**PROBLEM DETAILS**
Output the listing exactly as written, apart from its pictures.
### TASK DATA ###
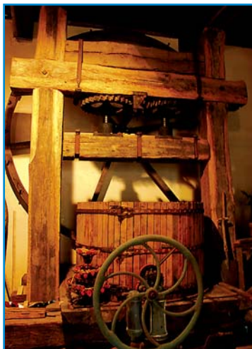
Wein aus Epineuil hat Tradition.

So wurde er unter anderem bei den Fundamentierungen des Eiffelturms eingesetzt, aber auch beim Rathaus und beim Panthéon in Paris. Wegen seiner Farbe und seiner Qualitäten findet er auch heute noch Verwendung, beispielsweise beim Flughafen von Pyad oder beim Metropolitan Museum in New York – der Transport dorthin erfolgte allerdings nicht mit Pénichen.
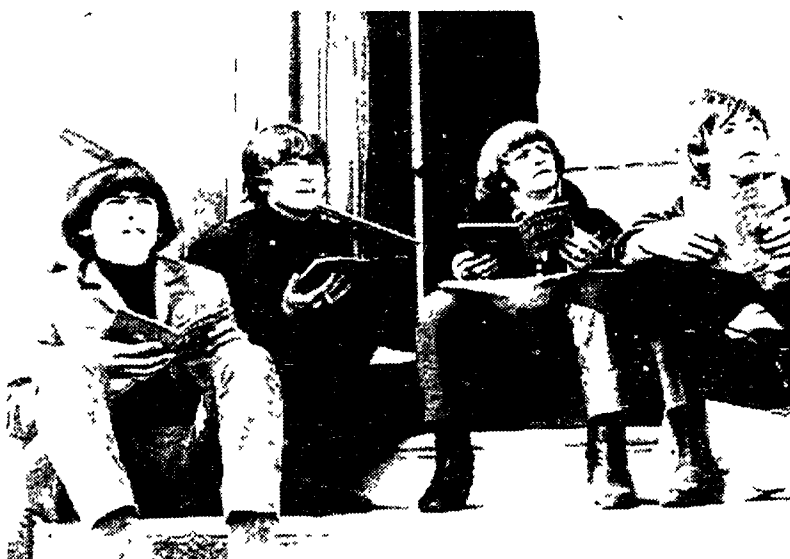
Un'immagine dei Beatles ai tempi del grande successo

Eravamo nello studio numero 2 di Abbey Road dove sono state realizzate le prove e molte delle registrazioni originali delle canzoni dei Beatles. Uno studio che è diventato una specie di luogo sacro per la musica pop. La presenza di un vero Beatles ha concretizzato una specie di epifania con un risultato insieme semplice e commovente. Ci è venuto voglia di dire: «Bye bye George sei tornato a camminare sul pavimento di legno a spina di pesce come trent'anni fa sul pavimento dove tu, John, Paul e Ringo battevatte i piedi per
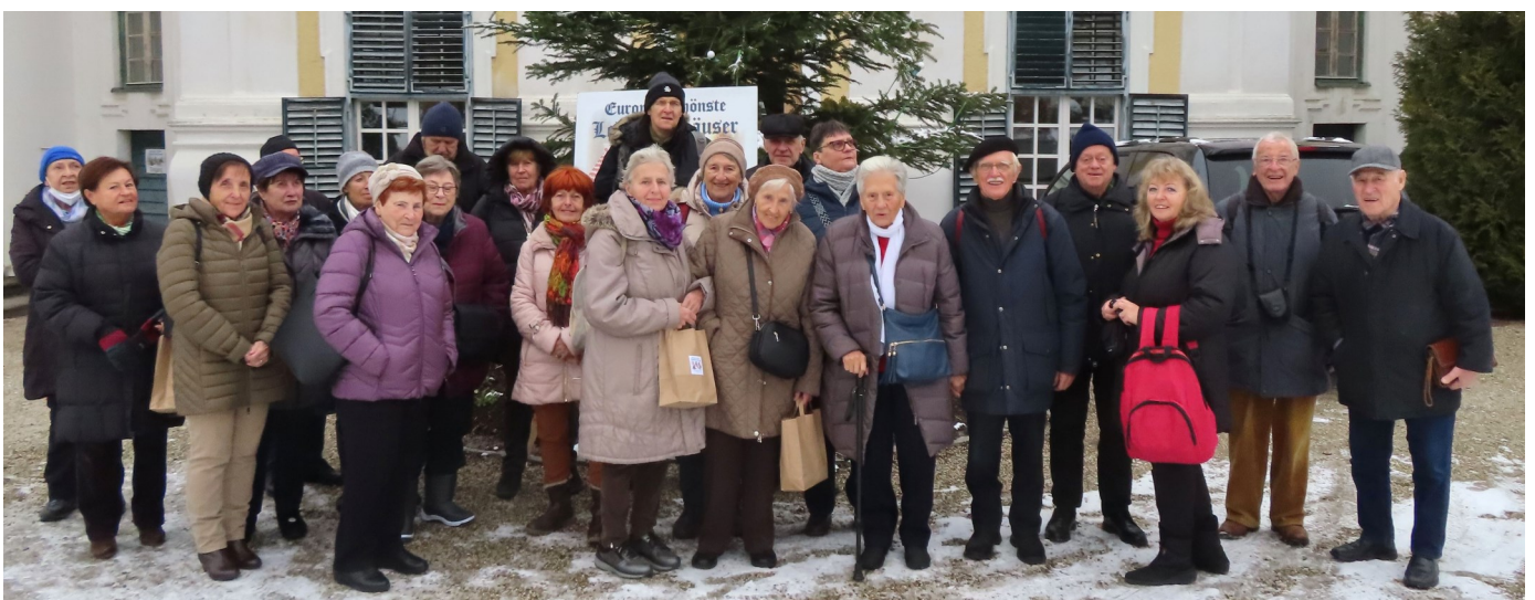
Vor der Taverne...
###
**ANSWER TO THE PROBLEM**
Wein aus Epineuil hat Tradition.

So wurde er unter anderem bei den Fundamentierungen des Eiffelturms eingesetzt, aber auch beim Rathaus und beim Panthéon in Paris. Wegen seiner Farbe und seiner Qualitäten findet er auch heute noch Verwendung, beispielsweise beim Flughafen von Pyad oder beim Metropolitan Museum in New York – der Transport dorthin erfolgte allerdings nicht mit Pénichen.
Un'immagine dei Beatles ai tempi del grande successo

Eravamo nello studio numero 2 di Abbey Road dove sono state realizzate le prove e molte delle registrazioni originali delle canzoni dei Beatles. Uno studio che è diventato una specie di luogo sacro per la musica pop. La presenza di un vero Beatles ha concretizzato una specie di epifania con un risultato insieme semplice e commovente. Ci è venuto voglia di dire: «Bye bye George sei tornato a camminare sul pavimento di legno a spina di pesce come trent'anni fa sul pavimento dove tu, John, Paul e Ringo battevatte i piedi per
Vor der Taverne...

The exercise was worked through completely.